Beweis: siehe [Rei06].
5. Schlussbemerkung
Wir haben nun einiges über die Symmetrien und Erhaltungsgrößen der allgemeinen
Relativitätstheorie, die Kategorisierung von Schwarzen Löchern, die Lösung von Roy Kerr der
einsteinschen Feldgleichung und deren Auswirkungen auf die Raumzeit kennengelernt.

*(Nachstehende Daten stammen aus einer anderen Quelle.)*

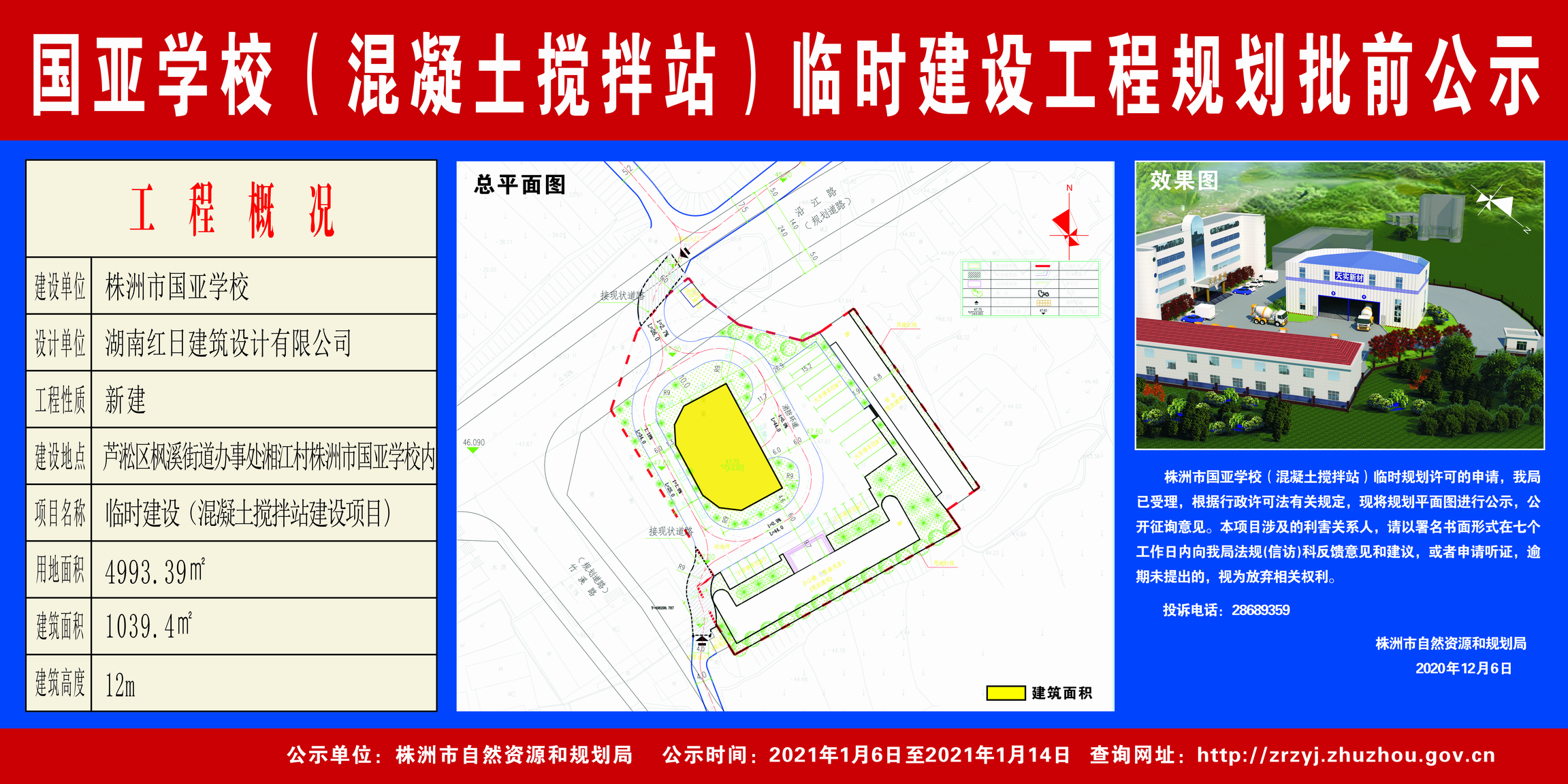 株洲市国亚学校(混凝土搅拌站)临时建设工程规划批前公示)
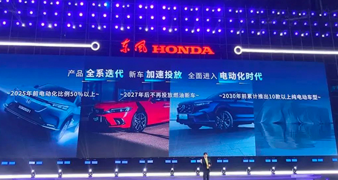 在2023上海车展上,本田中国宣布全面进入电动化时代,2027年后,本田在中国推出的所有车型均为混合动力车型和纯电动车,不再投放新的纯燃油车型。到2035年,本田中国将实现纯电动车销售占比100%。此前,本田中国宣布,2030年起,在中国市场将仅销售纯电和混动车型,不再投放新燃油车,在新能源汽车快速增长的背景下,本田中国不得不提前其电动化进程。
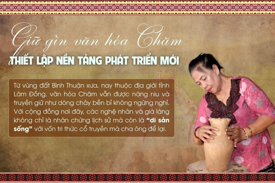 Từ vùng đất Bình Thuận xưa, nay thuộc địa giới tỉnh Lâm Đồng, văn hóa Chăm vẫn được nâng niu và truyền giữ như dòng chảy bền bỉ không ngừng nghỉ. Với cộng đồng nơi đây, các nghệ nhân và già làng không chỉ là nhân chứng lịch sử mà còn là “di sản sống” với vốn tri thức cổ truyền mà cha ông để lại.
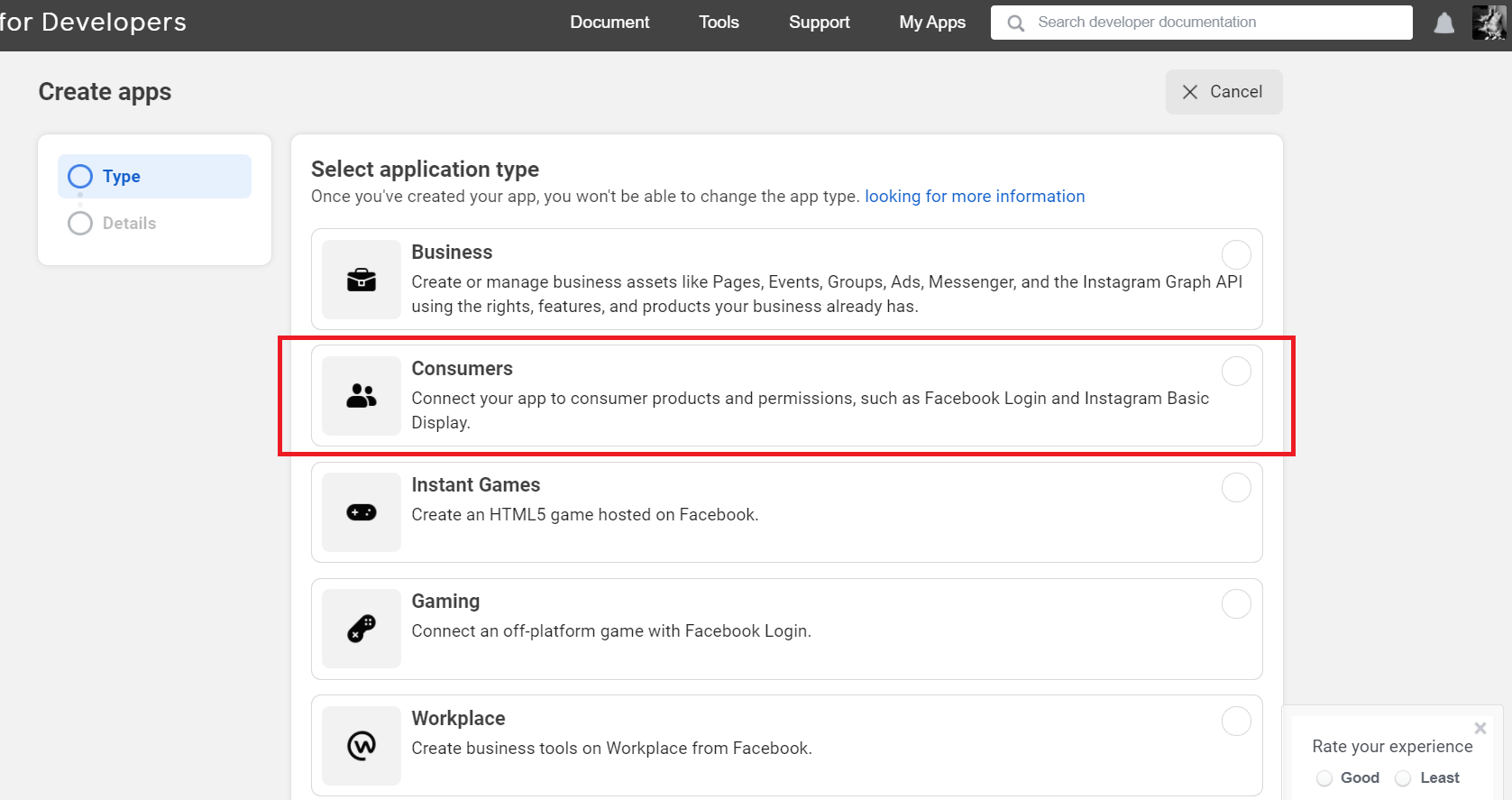 Login Facebook or create a new Facebook account. After that, click on My Apps from the Apps menu at the top
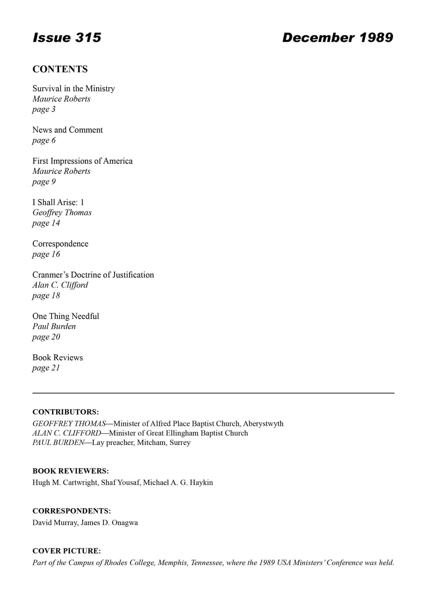 | I Shall Arise: Review of Life and Ministry of Donald A. MacFarlane (1) — Thomas, Geoffrey | 17-20 |
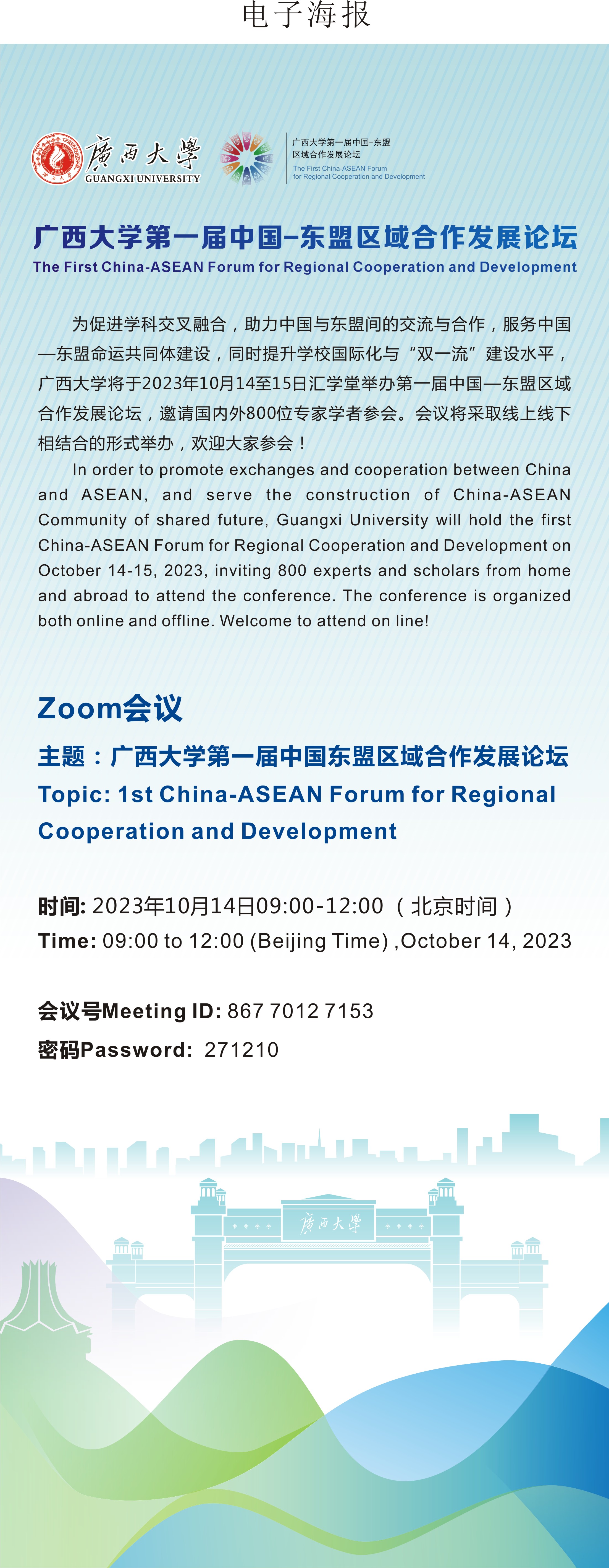 Zoom会议(线上线下结合):beat365正版唯一官网必一第一届中国东盟区域合作发展论坛
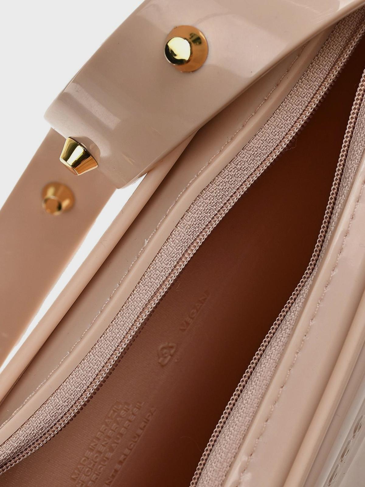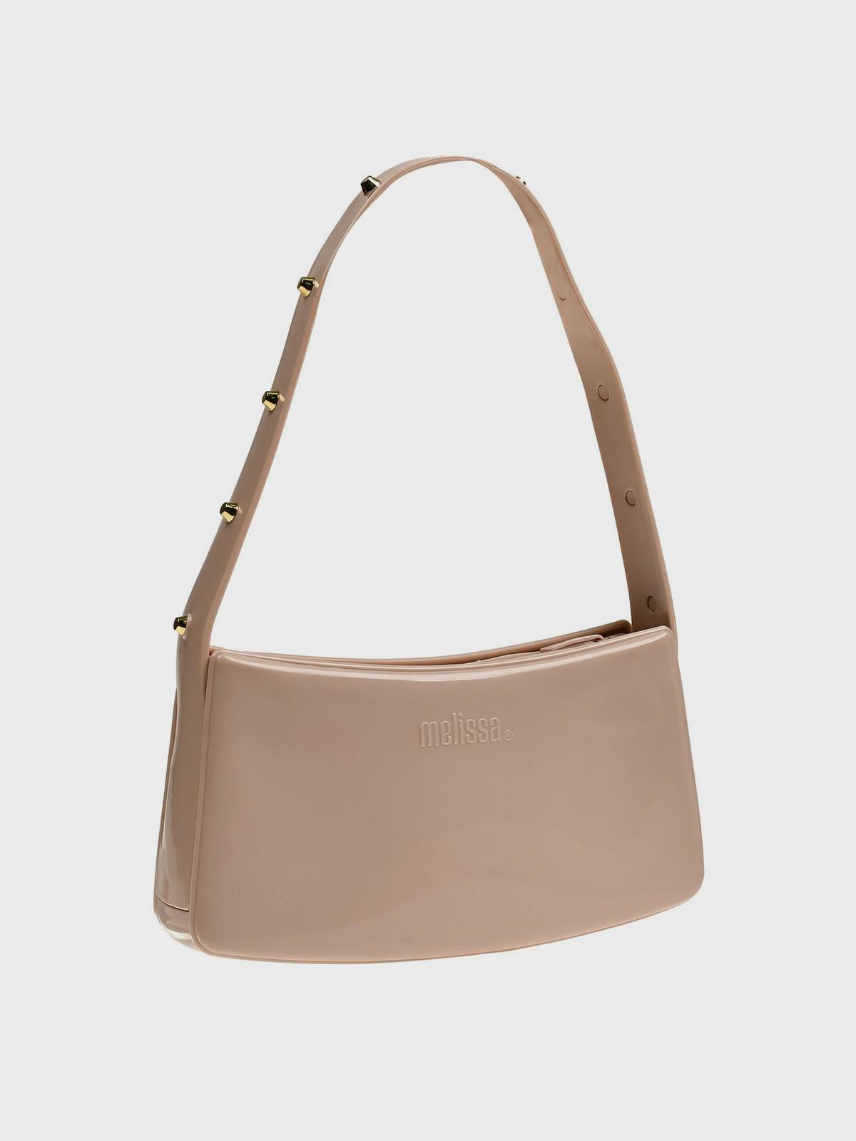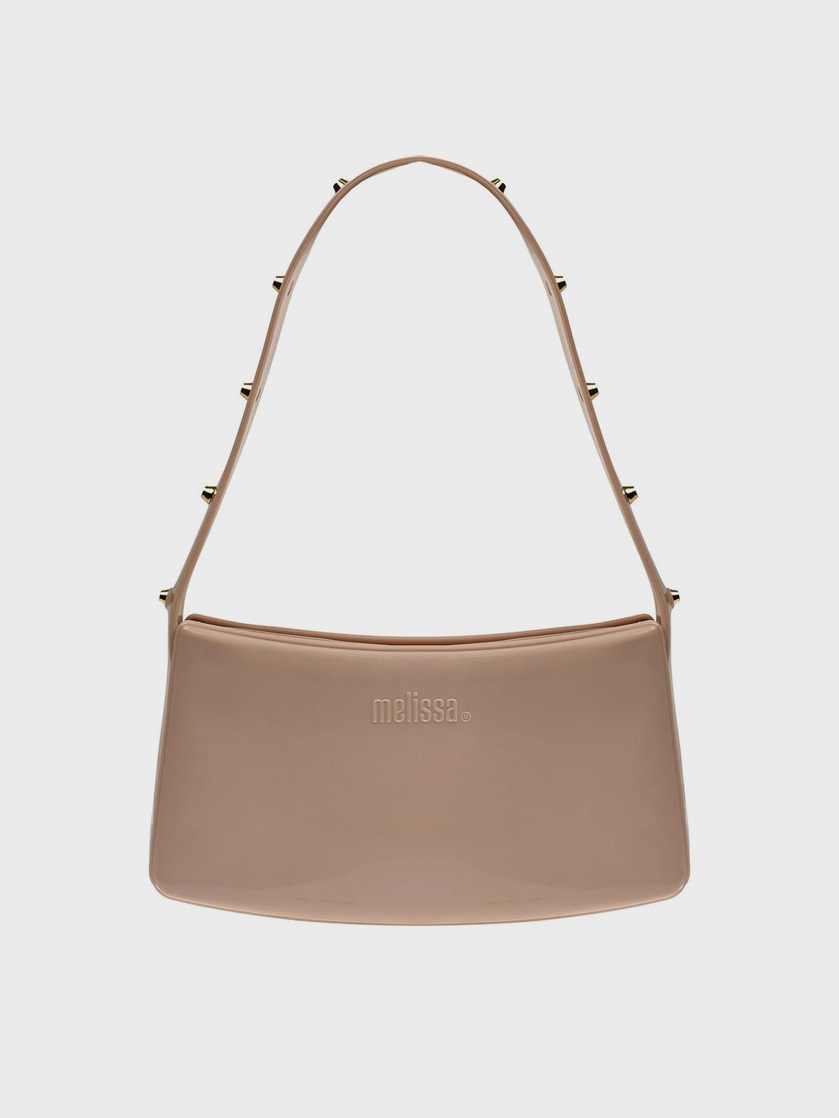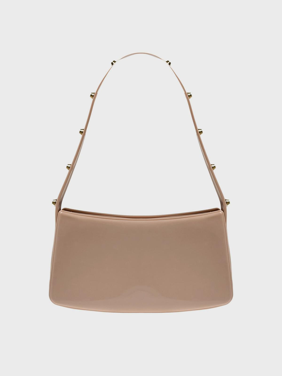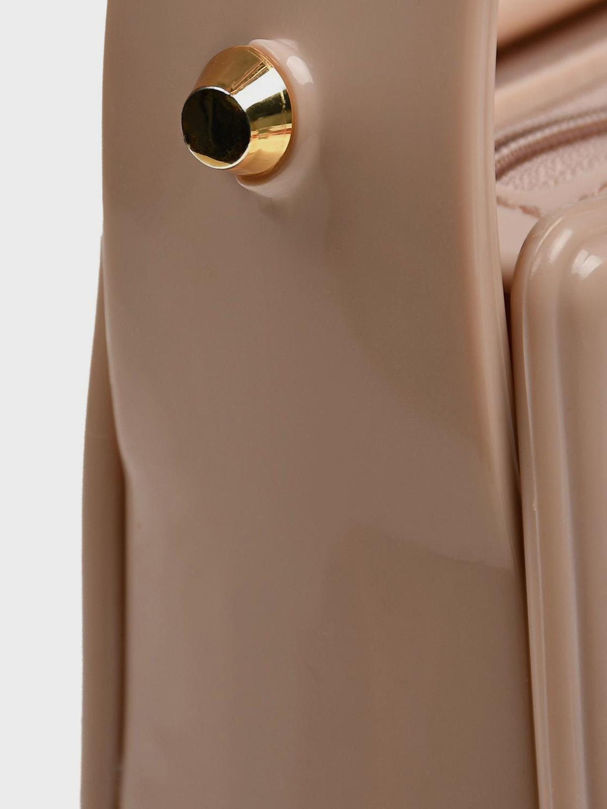 Сумка глянцевая с заклепками на ручке, кремовая
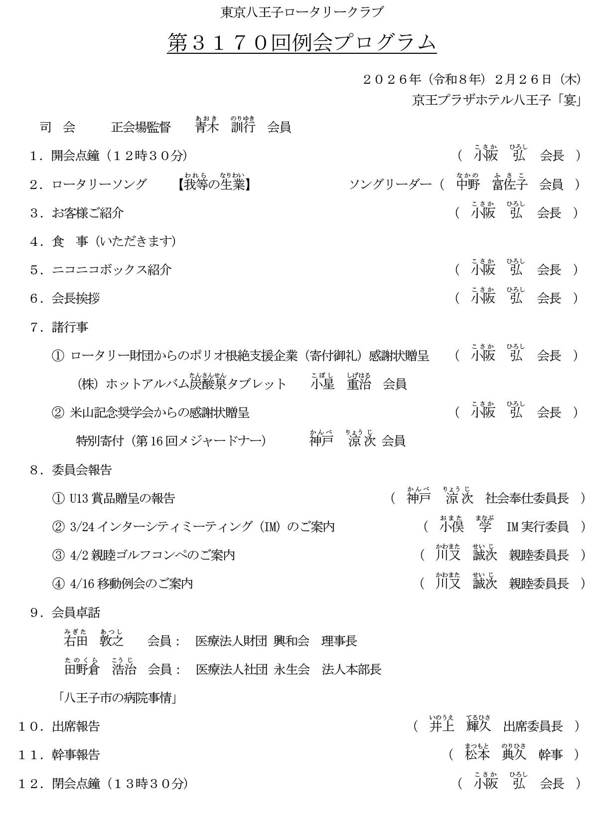 第3170回例会プログラム2026年2月26日(木)

Als Physiker müssen wir natürlich einsehen, dass nicht jedes mathematisch korrekte Ergebnis auch
eine Entsprechung in unserem Universum findet. So ist es unwahrscheinlich, dass nackte Singularitäten
existieren oder, dass innerhalb des Ereignishorizonts wirklich eine derart starke Verdichtung der
Materie entsteht, sodass das Objekt eine Nullmenge des Raumes entspricht. Es ist davon auszugehen,
dass hier starke Quanteneffekte auftreten, welche wir zum heutigen Zeitpunkt nur erahnen bzw.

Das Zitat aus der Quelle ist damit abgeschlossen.